Basic Vanilla Buttercream

Just a simple basic recipe today.

Do you sometimes forget how to make something? I did earlier today when I forgot how to make a simple basic buttercream icing for my Mum’s Mother’s Day cake. So I’ve decided to post my go to recipe for it on here, in case I ever need to remind myself again, and can’t, for the live of me, remember which bloody book it’s in. Did I mention I have over three hundred cookbooks? Also, just because I am on a weight loss regime, it doesn’t mean I can’t still bake for my loved ones.

For the cake in the picture I used my recipe for vanilla buttermilk cake, and some good apricot jam. Mum loved it, some of it has now gone to her friend, some to my aunt and uncle, and the rest is in a box in the kitchen.

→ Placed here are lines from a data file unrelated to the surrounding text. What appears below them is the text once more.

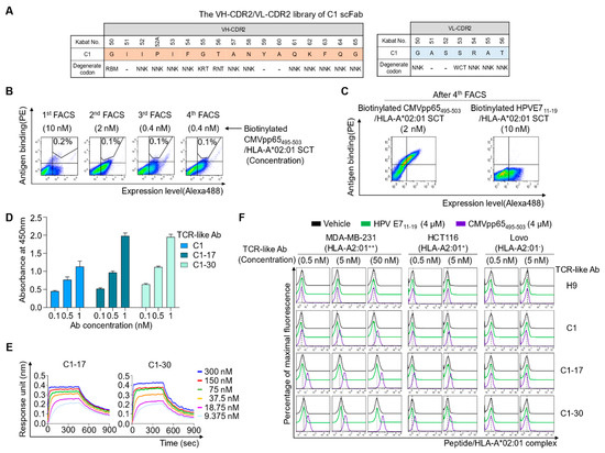 Affinity maturation of C1 Ab to generate high-affinity TCR-like Abs. (A) The scheme of yeast scFab library construction for VH-CDR2 and VL-CDR2 of C1 Ab, wherein the indicated residues were randomized with the indicated degenerate codons. The “‒” sign indicates conserved residues. (B) Flow cytometric sorting gate plots of the yeast surface-displayed scFab library screening in each round of screening by FACS with the indicated concentration of the biotinylated CMVpp65495-503/HLA-A*02:01 SCT antigen in the presence of a 10-fold higher concentration of the non-biotinylated off-target HPVE711-19/HLA-A*02:01 SCT protein. (C) Flow cytometric analysis of target-specific enrichment for the yeast surface-displayed scFab library pool enriched after four rounds of FACS using the indicated target and off-target antigen. (D) Dose-dependent binding activity of the isolated and purified Abs in mouse IgG2a/κ form toward the microtiter plate coated with pMHC comprising CMVpp65495-503/HLA-A*02:01 complex antigen, as determined by ELISA. (E) Binding isotherms of the immobilized IgG2a/κ Abs toward the soluble CMVpp65495-503/HLA-A*02:01 complex antigen, as measured by biolayer interferometry. The concentrations of pMHC are indicated (colored). The kinetic interaction parameters are listed in Table 1. (F) Flow cytometric analysis of binding of the TCR-like Abs in IgG2a/κ form at the indicated concentrations to peptide-pulsed cells. Cells were pulsed for 3 h at 37 °C with the vehicle, CMVpp65495-503 peptide (4 μM), or the control, HLA-A*02:01-restricted HPVE711-19 (4 μM) peptide, and incubated with the TCR-like Abs at the indicated concentrations and then with the Alexa Fluor 647-conugated goat anti-mouse IgG-specific (Fab’)2 Ab (secondary Ab) prior to flow cytometry. Representative histograms from two independent experiments are depicted.
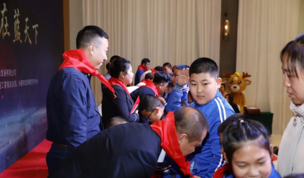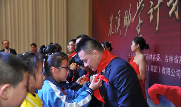吉林省慈善总会秘书长王志勇、副秘书长邹运,东丰城市发展投资(集团)有限公司徐文涛董事长、东丰国际梅花鹿产业发展有限公司陈艳伟董事长、东丰国际梅花鹿产业发展有限公司副总经理刘洋、长春市饭店餐饮烹饪协会会长夏金龙、吉林省爱心企业代表为来自东丰县地区十所中、小学学生代表和长春市二道区春城小学的孩子们发放救助金,孩子们在现场为这些爱心人士戴上了鲜艳的红领巾!
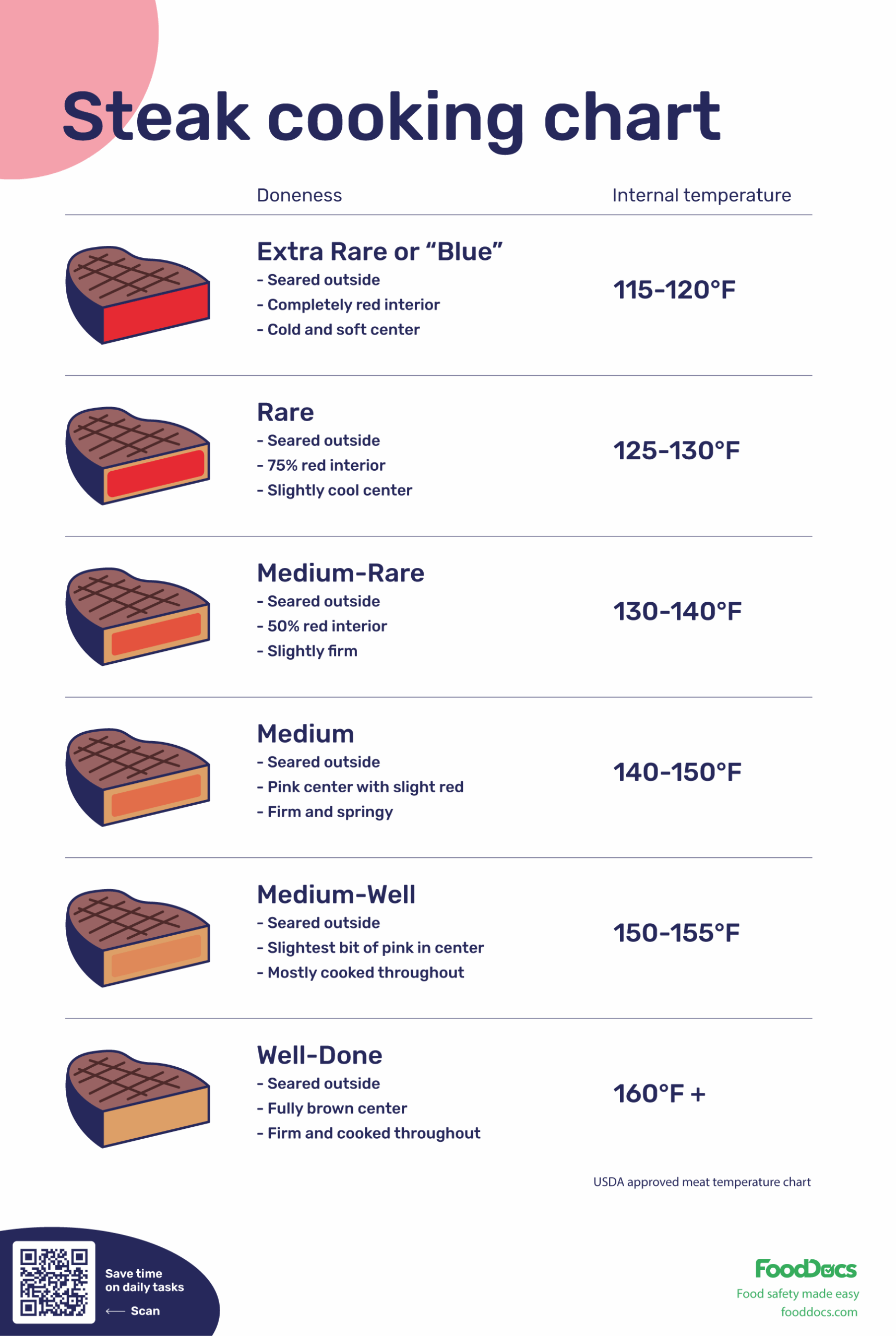 Whether you prefer your steak rare, medium-rare, medium, or well-done, this chart will ensure that you achieve the perfect level of doneness every time. Simply refer to the chart based on the type of steak you’re cooking and the desired level of doneness.
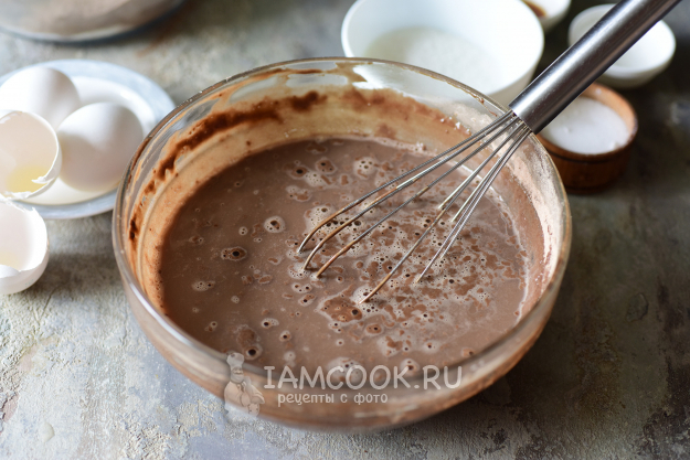 Половину сухой смеси добавим к жидкой смеси и венчиком перемешаем до получения однородной массы.

Basic Vanilla Buttercream – adapted from Bake by Rachel Allen – makes enough to fill a 20cm two layer cake

100g butter, softened (see the note below if you forget to get the butter out the night before)
1 tsp vanilla bean paste/extract
200g icing sugar
1 tbsp milk

Simply place the butter in a mixing bowl with the vanilla and, using an electric hand mixer, beat it until creamy. Or use a stand mixer fitted with a paddle attachment.

Gradually sift in the icing sugar and beat in on a low speed, you don’t need a volcanic cloud of icing sugar all over your kitchen.

Finally, on the highest speed, beat in the milk until light and fluffy. Its now ready to use.

Note: If you ever forget to get the butter out the night before, just weigh out the amount you need, place in a microwave safe bowl, give it about 20 seconds, then give it another twenty seconds or so. And voila, room temperature butter. These timings worked in my 700 wattage microwave, obviously adjust them to your microwave if a different wattage.

Do you like these individual component recipe posts? Shall I keep doing them?